A few years ago, on my way from eastern Oregon to Salt Lake City, I pulled off I-84 in Boise, Idaho, a place I knew only from a Lynyrd Skynyrd lyric. I strolled downtown and, in a farmers’ market smelling of lemon sage and lavender, found the best artisanal granola bars west of Burlington, Vermont. As I scanned the pale young crowd and noted the vendors’ earnestly precious names (Hoot ’n’ Holler Urban Farm, Blue Feather Bakery), it occurred to me how much the scene resembled a Saturday morning at Smorgasburg, or at Ferry Plaza in San Francisco, or in Boulder, Sante Fe, or Portland, Maine. The vibe was relaxed, prosperous, and gently urban. Around that time, the real-estate blog Estately ranked Boise fifth on its list of best cities for conservatives: “The tech jobs are plentiful, the Mormonism abundant, there are no restrictions on assault weapons, and there’s plenty of art, music, and theater.” And yet, like most red-state cities, Idaho’s capital is remarkably short on conservatives. Last November, while Hillary Clinton mustered only 27.5 percent of the statewide vote, she hit north of 75 percent in some of Boise’s urban precincts. Politically, the city might as well be on a different planet from towns that lie a couple of exits away.
And this is true in more than just America’s twee precincts. More than ever, urbanites share a common affiliation, whether they are in Idaho or Massachusetts, whether they’ve built up earthly treasures or scrape by on minimum wage. In presidential elections, votes are tallied by county and grouped by state, but zoom in closer and you see that Democrats cluster like blue inkblots on a mostly red map and that many jurisdictions are sharply divided. In the 2016 election, virtually every large urban center and many small ones — white Boise and majority-black Baltimore, wealthy San Francisco and beaten-down Detroit, sprawling sunwashed megalopoli and shrinking union strongholds — rejected the man who became president, often by yawning margins. The density that is one of the defining characteristics of cities forces encounters that, more and more, seem to strengthen Democratic principles — and separates urban dwellers from their rural cousins.

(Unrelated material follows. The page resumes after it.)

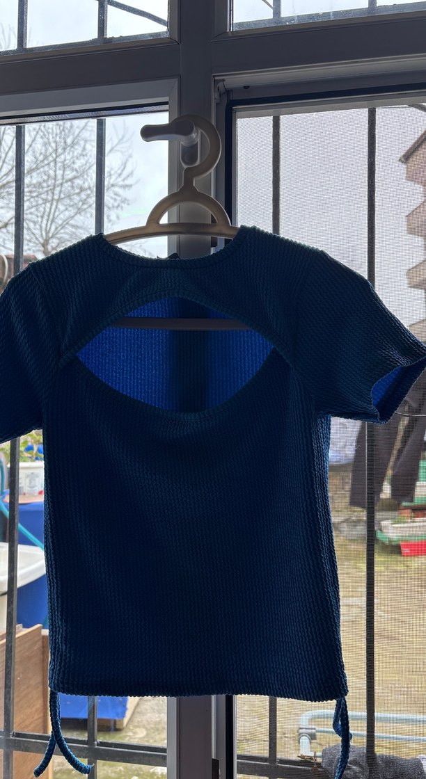 Koyu mavi renkli, örgü yapıda, kısa kollu ve bisiklet yakalı, normal boyda, dar kesim hamile tişörtü. Sokak modasına uygun athleisure tarzda tasarlanmıştır.

While cities like New York and Seattle have always been liberal, others have converted much more recently. After World War II, San Francisco was up for grabs, voting Republican in 1952 and 1956, after which its Democratic tilt increased from year to year. Philadelphia was a Republican bastion until 1951, when a new charter combined with a corruption scandal to demolish the political machine. Ward leaders and local bosses switched their allegiances just as middle-class whites were fleeing to the suburbs, leaving the heavily black central city to the party of civil rights. […]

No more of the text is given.